中外音乐史上,女高音与管弦乐队这一体裁最有代表性的作品莫过于理查·施特劳斯的声乐套曲《最后四首歌》。无论郭文景出于何种考量,作为观众很难不将两部作品加以比较:跨世纪、跨文化的两部作品均来自于作曲家与同时代诗人的精神互动;二者均在人声和乐队之间实现动态的对抗冲突与平衡互融,无论是对乐队、指挥还是女高音都具有技巧和音乐表现难度的挑战,而且都采用了主题动机贯穿呼应的写法,大大扩展了艺术歌曲的表现意义,因而成为声乐交响曲;一个是从对生命的爱怜到冷静安详地面对死亡,一个是从精神与自然关系的拷问到对于希望的寄托。两部作品同样都是作曲家自身内心深处的独白,区别是在于《远游》取材于一部完整的诗歌作品,所以特别写明了是四个乐章而非四首歌曲。

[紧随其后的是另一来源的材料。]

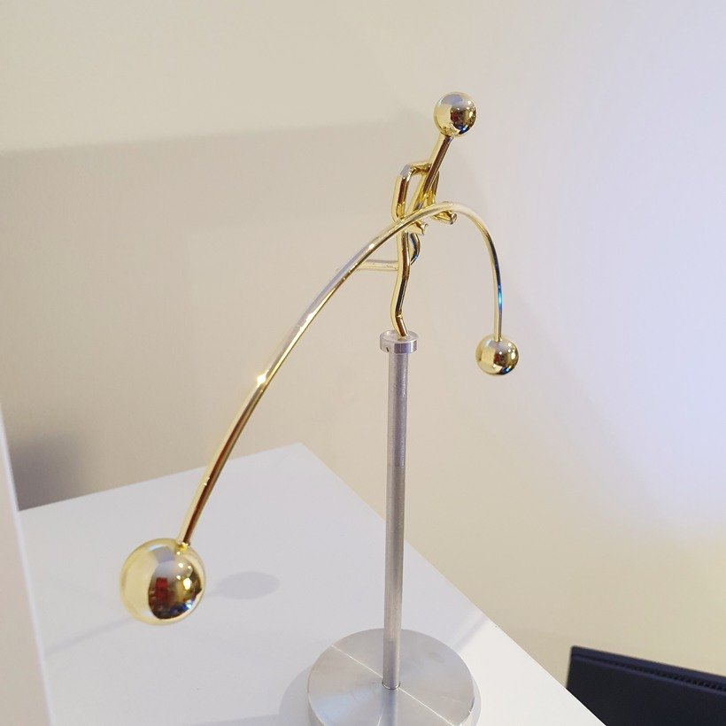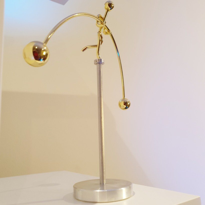 A striking kinetic sculpture of a slender, gold-finished weightlifter poised in perfect one-legged balance, effortlessly carrying heavy barbell weights on a thin pole. With no permanent attachment, a gentle push sends the figure swaying, yet it always returns, slowly and surely, to flawless equilibrium, showcasing quiet, unbreakable resilience.
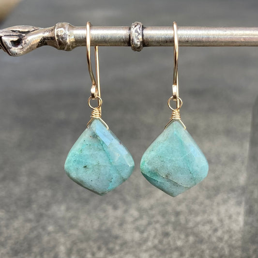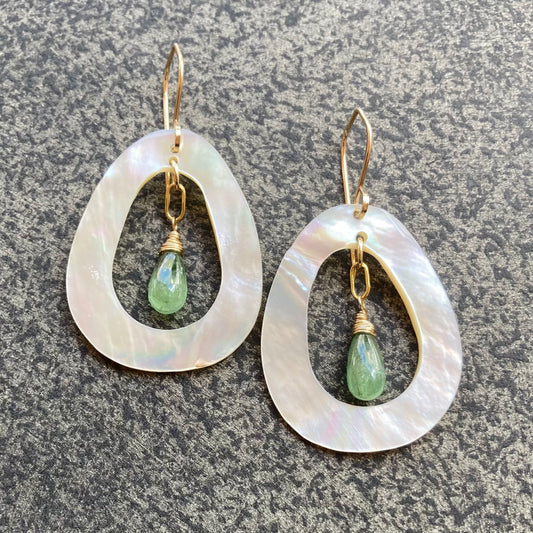 Vintage Mother of Pearl, Green Kyanite & Gold Hoops
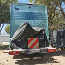 Zudem haben ich jetzt zwei Tage an meinen Rollerträger rumgebastelt, um das Brett irgendwie ans Heck zu bekommen, ohne den Roller dafür runterholen zu müssen.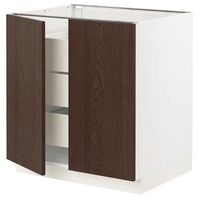 Sektion / Maximera Base Cabinet With 2 Doors/3 Drawers, White/sinarp Brown, 30x24x30 "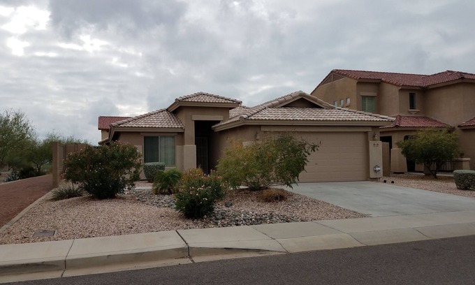 Rate includes all utilities and internet. This home features a wonderful, relaxining jacuzzi for your enjoyment. 20 Minutes drive to baseball stadium, football stadium, hockey stadium and NASCAR. Welcome to this beautifully decorated home with everything you would need and more. Large open kitchen with breakfast bar and pantry. The kitchen opens to the dining room. Spacious living room with den. Large master bath with separate shower and tub. Covered patio with BBQ, patio table with chairs to enjoy the AZ sunsets. Just bring your clothes and toothbrush!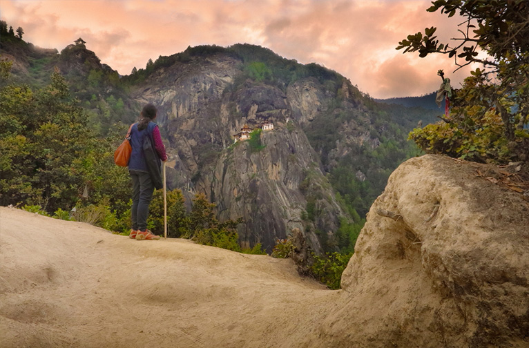 Les espaces spirituels de Paro offrent aux visiteurs certaines des expériences les plus enrichissantes pour ceux qui recherchent des moments de réflexion. Une expérience à ne pas manquer est la randonnée raide jusqu'au monastère de Taktsang, perché sur une falaise abrupte à 3 000 pieds au-dessus de la vallée. Arrêtez-vous plusieurs fois en chemin pour savourer cette expérience unique. Imprégnez-vous des paysages et remplissez vos poumons des brises de montagne non polluées. Faites le plein au petit café qui se trouve sur le chemin. Cet ancien monastère, également connu sous le nom de Nid de tigre, est aussi l'un des sites religieux les plus vénérés du pays. La légende veut que le fondateur du bouddhisme tibétain, Guru Padmasambhava, se soit envolé sur le dos d'une tigresse jusqu'à cette retraite de montagne pour passer trois mois à méditer dans une grotte au-dessus de laquelle se trouve aujourd'hui le monastère.

这一切都体现出《远游》在中国当代乐坛中的独特性。然而,作品最有价值的独特性还在于凝练的个性化音乐表达。四个乐章全部构筑在两个简单鲜明的基本音型核心材料和一个旋律核心材料之上。开篇第1小节由管钟奏出的下行大三度和第7、8小节的下行纯四度,在整部作品中既具有一种符号意义又具有核心动机的结构功能。为了行文方便,本文就称之为“钟声动机”。由弦乐大分部奏出的下行音型,实质上是十二音音块经过精心设计的线性化进行。它有一个独特的进行模式:小二度+小二度+大二度+小二度+小三度+小二度+大三度+小二度+纯四度+ ……依次类推的音程扩张。我的一个学生在北京延庆山区拍了一张星空照片,总谱上的音型图案,竟然与美丽的星轨极为相似(见图1)。
图1
北半球夜空中的恒星会在以北极星为圆心的轨道上逆时针移动,构成无数个同心圆。在相同的时间内,距离北极星较近的恒星在天空移动的距离较短(角速度相同,线速度较慢),距离北极星越远的恒星移动距离则越长(线速度较快)。虽不确定作曲家是否见到过类似的星空影像,但逐渐扩张的下行音程与星轨的运动轨迹形成了一个奇妙的吻合。恰巧“星空”的意象在《远游》中是非常重要的角色,歌词的第一句中就是“沐着无尽的清风众星西移,唯有北极星凝然不动”。如果将之称为“星轨动机”倒也有几分贴切(见谱例1)。
谱例1 钟声动机和星轨动机
在第四乐章的后半部分,由管弦乐队奏出了一段完整的西藏风格音调,终于呈现出旋律核心材料的原型。在这里似乎揭开了一个谜底,也似乎找到了归宿,亦或是一种挣扎的解脱。作曲家完全跳脱了前面的风格,写出了一个独立的主旋律段落。透过谱例2的标识可以看到,郭文景是以多么简明的配器方式来突出了这个核心音调。这就是作品的第三个核心动机,因其来自于非常有代表性的藏族民歌故将其称为“西藏动机”。
谱例2 西藏动机
西藏动机有明确的调式,钟声动机有鲜明的色彩,而星轨动机则是色彩变幻的线性音块。它们在作品中既要承担各自的角色并且形成发展逻辑,还要相互抗衡、冲突、影响和溶解而形成音乐的推动力。
贰
“愿乘泠风去,直出浮云间。”(李白《登太白峰》)第一乐章保留了诗歌原作中所引用的标题。在第2小节(见谱例1)开始呈示出清冷浩瀚的第一主题,是由“星轨动机”构成的弦乐多声部模仿下行音型。第16小节进入孤寂冷峻的第二主题,是由“钟声动机”构成的铜管重复音型。前者强调大跨度音域的运动,后者强调音程与节奏的重复性。二者并置分量相当,开宗明义的意象传达出作品对比强烈的鲜明个性。由此开篇的24个小节虽可以被称作引子,但实质上其呈示主题的作用更为重要。“钟声动机”与“西藏动机”所构成的第三主题从第25小节开始,以女高音与铜管声部的二重奏来共同呈示与衍展,从而使冷峻和辽远的色彩直击人心。它的地域风格具有强烈的象征意义,是作曲家毫不掩饰地添加的一个具象因素。至此三个主题已经全部登场亮相,并开启了远游之旅。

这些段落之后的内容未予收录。